%matplotlib inline
from pylab import *
import matplotlib.pyplot as plt
import os
import pyAgrum as gum
import pyAgrum.lib.notebook as gnb
import pyAgrum.lib.explain as explain
import pyAgrum.lib.bn_vs_bn as bnvsbn
gum.about()
gnb.configuration()
pyAgrum 1.8.1 (c) 2015-2023 Pierre-Henri Wuillemin, Christophe Gonzales This is free software; see the source code for copying conditions. There is ABSOLUTELY NO WARRANTY; not even for MERCHANTABILITY or FITNESS FOR A PARTICULAR PURPOSE. For details, see 'pyAgrum.warranty'.
Library | Version |
---|---|
OS | posix [linux] |
Python | 3.10.10 (main, Mar 5 2023, 22:26:53) [GCC 12.2.1 20230201] |
IPython | 8.13.2 |
Matplotlib | 3.7.1 |
Numpy | 1.24.3 |
pyDot | 1.4.2 |
pyAgrum | 1.8.1 |
bn=gum.loadBN("res/asia.bif")
bn
gum.generateSample(bn,50000,"out/sample_asia.csv",True);
out/sample_asia.csv: 100%|█████████████████████████████████|
Log2-Likelihood : -161064.05636409108
with open("out/sample_asia.csv","r") as src:
for _ in range(10):
print(src.readline(),end="")
visit_to_Asia,dyspnoea,positive_XraY,lung_cancer,tuberculos_or_cancer,smoking,bronchitis,tuberculosis 1,0,1,1,1,1,1,1 1,0,0,1,1,0,0,1 1,0,1,1,1,1,0,1 1,0,1,1,1,1,0,1 1,0,1,1,1,0,0,1 1,1,1,1,1,1,1,1 1,1,1,1,1,0,0,1 1,0,1,1,1,0,0,1 1,1,1,1,1,1,1,1
learner=gum.BNLearner("out/sample_asia.csv",bn) #using bn as template for variables
print(learner)
Filename : out/sample_asia.csv Size : (50000,8) Variables : visit_to_Asia[2], tuberculosis[2], tuberculos_or_cancer[2], positive_XraY[2], lung_cancer[2], smoking[2], bronchitis[2], dyspnoea[2] Induced types : False Missing values : False Algorithm : Greedy Hill Climbing Score : BDeu Correction : MDL (Not used for score-based algorithms) Prior : -
print(f"Row of visit_to_Asia : {learner.idFromName('visit_to_Asia')}") # first row is 0
Row of visit_to_Asia : 0
print(f"Variable in row 4 : {learner.nameFromId(4)}")

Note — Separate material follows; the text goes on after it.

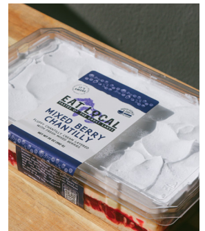
Mixed Berry Chantilly Scoop Cake

Fluffy Chantilly Cream Layered with Fresh, Mixed Berries.

Variable in row 4 : lung_cancer
The BNLearner is capable of recognizing missing values in databases. For this purpose, just indicate as a last argument the list of the strings that represent missing values.
# it is possible to add as a last argument a list of the symbols that represent missing values:
# whenever a cell of the database is equal to one of these strings, it is considered as a
# missing value
learner=gum.BNLearner("res/asia_missing.csv",bn, ['?', 'N/A'] )
print(f"Are there missing values in the database ? {learner.state()['Missing values'][0]}")
Are there missing values in the database ? True
When reading a csv file, BNLearner can try to find the correct type for discrete variable. Especially for numeric values.
%%writefile out/testTypeInduction.csv
A,B,C,D
1,2,0,hot
0,3,-2,cold
0,1,2,hot
1,2,2,warm
Overwriting out/testTypeInduction.csv
print("* by default, type induction is on (True) :")
learner=gum.BNLearner("out/testTypeInduction.csv")
bn3=learner.learnBN()
for v in sorted(bn3.names()):
print(f" - {bn3.variable(v)}")
print("")
print("* but you can disable it :")
learner=gum.BNLearner("out/testTypeInduction.csv",["?"],False)
bn3=learner.learnBN()
for v in sorted(bn3.names()):
print(f" - {bn3.variable(v)}")
print("")
print("Note that when a Labelized variable is found, the labesl are alphabetically sorted.")
* by default, type induction is on (True) : - A:Range([0,1]) - B:Range([1,3]) - C:Integer({-2|0|2}) - D:Labelized({cold|hot|warm}) * but you can disable it : - A:Labelized({0|1}) - B:Labelized({1|2|3}) - C:Labelized({-2|0|2}) - D:Labelized({cold|hot|warm}) Note that when a Labelized variable is found, the labesl are alphabetically sorted.
We give the $bn$ as a parameter for the learner in order to have the variables and the order of the labels for each variables. Please try to remove the argument $bn$ in the first line below to see the difference ...
learner=gum.BNLearner("out/sample_asia.csv",bn) #using bn as template for variables and labels
bn2=learner.learnParameters(bn.dag())
gnb.showBN(bn2)
from IPython.display import HTML
gnb.sideBySide("<H3>Original BN</H3>","<H3>Learned NB</H3>",
bn.cpt ('visit_to_Asia'),bn2.cpt ('visit_to_Asia'),
bn.cpt ('tuberculosis'),bn2.cpt ('tuberculosis'),
ncols=2)
Note that, currently, the BNLearner is not yet able to learn in the presence of missing values. This is the reason why, when it discovers that there exist such values, it raises a gum.MissingValueInDatabase
exception.
with open("res/asia_missing.csv","r") as asiafile:
for _ in range(10):
print(asiafile.readline(),end="")
try:
learner=gum.BNLearner("res/asia_missing.csv",bn, ['?', 'N/A'] )
bn2=learner.learnBN()
except gum.MissingValueInDatabase:
print ( "exception raised: there are missing values in the database" )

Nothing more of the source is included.